Overall view of PhatPad as an iPad handwriting recognition tool
I have to say I like what it does and that it does the thing that is its core function brilliantly. If you like to write then you might well prefer to get a Boxwave capacitive stylus and write your notes in the old fashioned way but with a twist. Convert the writing to text as you do it or make the notes and then convert it later. Whatever works best for you. As a note taking application I think it is a useful addition to the arsenal of note taking applications. There will be occasions when an app that is more concentrated on recording audio on the iPad alongside notes and for that you could use SoundNote or AudioNote The Dragon Dictate app only lets you convert speech to text in very small chunks and you can’t use during a lecture anyway, so you might as well forget about Dragon Dictate as an option for that type of note taking.

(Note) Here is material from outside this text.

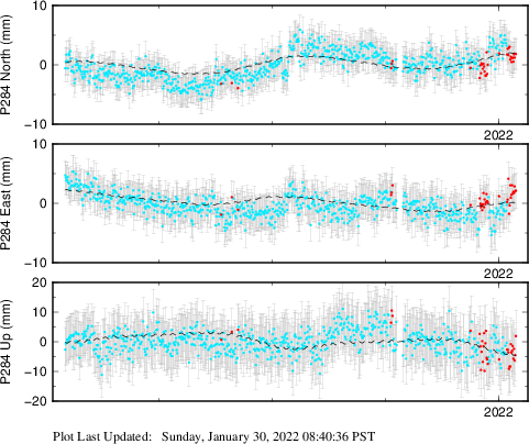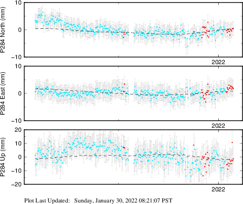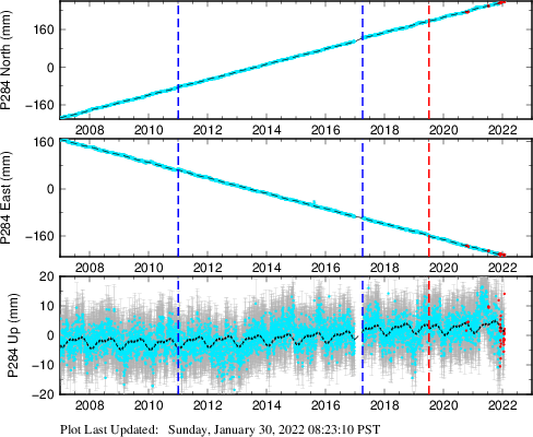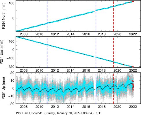 These results are preliminary. The station positions are unchecked and should not be used for any engineering applications. There may be errors in the antenna heights. The velocities are very dependent on the length of the span of observations. The presence of outliers (errant observations) sometimes contaminates the velocities.

The question to ask yourself is ‘How much do I like writing by hand and is it quicker than typing for me?’ If you answer yes to that question then PhatPad will be the perfect handwriting to text iPad note taking application for you. Another reason for using handwriting apps for iPad is for writers that think better with a pen in the hand than they do with a keyboard in front of them. Some authors are old fashioned like that and when they have to get what they have written by hand it will be so much easier to convert it in Phatpad than it will be to have to completely rewrite when typing into the computer after that very first draft. This would be a good way to start getting the ideas out of the creative writers mind and into Scrivener.
I like to use a keyboard instead of an iPad handwriting app because my handwriting is so scrawly and ugly but Phatpad did a great job of converting what looks like a dead spider dipped in ink and dragged across the page (My handwriting) into editable text. Well done PhatPad, this type of working will not suit everyone but for quite a few people, in the right circumstances it will be just the job. For sure with PhatPad and iPad handwriting recognition you can create some attractive looking notes using images and different colours of text, you can do mind mapping or make diagrams that will be effective for learning purposes. It is easy with a Boxwave stylus to do handwriting on iPad with PhatPad, the app that gives us iPad handwriting to text.